One complaint common complaint among Windows operating system users is why does my computer reboot so frequently? Whether it for Windows updates or just when installing, uninstalling, or updating software, Windows will often ask to reboot.

The operating system generally has to reboot because it cannot modify system files while they are still in use. While in use, these files are locked and can only be updated/modified when the system is rebooted.

What Does Rebooting Do?

Windows cannot update or remove files while they are being used. When the system updater downloads new updates, it cannot apply them to the system files right away as they are locked against any changes.
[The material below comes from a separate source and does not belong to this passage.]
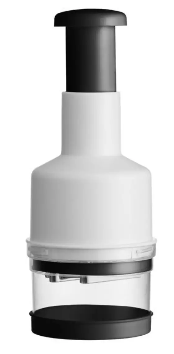 Hacka lök, örter och grönsaker enkelt och snabbt. Handdisk. Bredd8,5 cm Djup8,5 cm Höjd21,5 cm Vikt0,17 kg Färgvit/svart/genomskinlig Materialpolypropen, polystyren, rostfritt stål
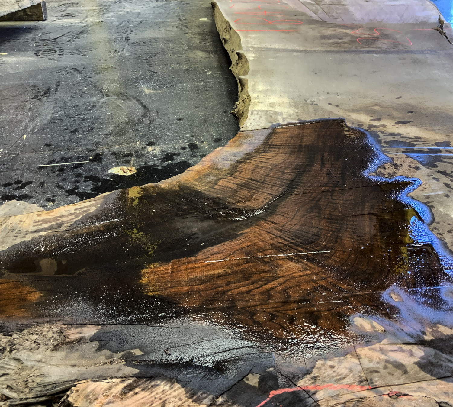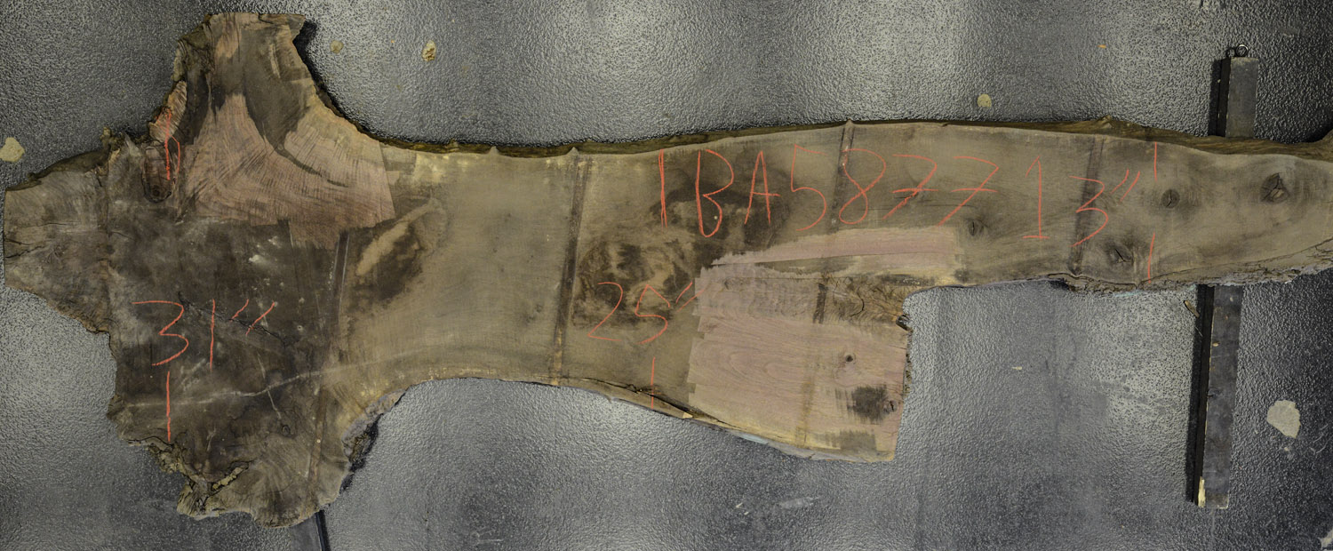 Unique live edge slab with an unusual shape some crotch figure in the middle and a flared top with curly compression figure. It has some worm holes (mostly in the sap) some surface checking and some cupping at the top.

To make the required changes, the system has to shut down and the updates are then added to the file when the computer boots again.

Reboots also become necessary when adding or removing certain software programs. An antivirus or a hardware driver that is hooked deep into the system will have files loaded onto the memory and protected against modification. Windows may need to reboot the computer and modify the files before the system fully starts up.

Windows Update Reboots

Microsoft typically releases patches for Windows, second Tuesday of each month – often referred to as “Patch Tuesday.” Most of these updates modify system files that can’t be updated while Windows is running. Not every Windows Update requires a reboot, however. For example, updates for Microsoft Office shouldn’t require a reboot — these files can be unloaded from memory by restarting Office.

One important reason Windows regularly ask you to reboot is security updates are not usually installed until you do. Microsoft introduced pop-ups that keep requesting you to restart your computer. Regular reboots are particularly important to perform when a new virus or hacker vulnerability has been discovered. As these issues are discovered, Microsoft’s team of engineers will work quickly to eliminate these risks and push out these updates as soon as possible. The updates can’t help if people wait days or weeks before rebooting remaining at risk the entire time.

What About Linux or Other Operating Systems

If you have ever used Linux or any other operating system, you may have noticed that Windows wants to reboot more often than most. On Windows, files that are being used are normally locked and cannot be modified or deleted. Linux on the other hand allows in-use files to be modified or deleted. This means, on a Linux system, the system library files can be updated immediately without requiring a reboot. Any in-use files can likely be deleted immediately.

However, the changes will not necessarily take effect until you reboot. For example, if you install an update for a system library, the files on disk will be updated immediately, but any running processes using that library will still be using the old, insecure version. If you update a program, the new version of that program won’t be used until you close the program and restart it.

In other words, a reboot is often still necessary to make sure important updates have taken effect on Linux just like Windows. However, rebooting has become less necessary over time. Windows can now swap out many types of drivers — graphics drivers, for example — without rebooting the system. Moreover, modern security features (like having the Windows Firewall enabled) have made Windows more secure offering a three-day grace period for rebooting after Windows Updates.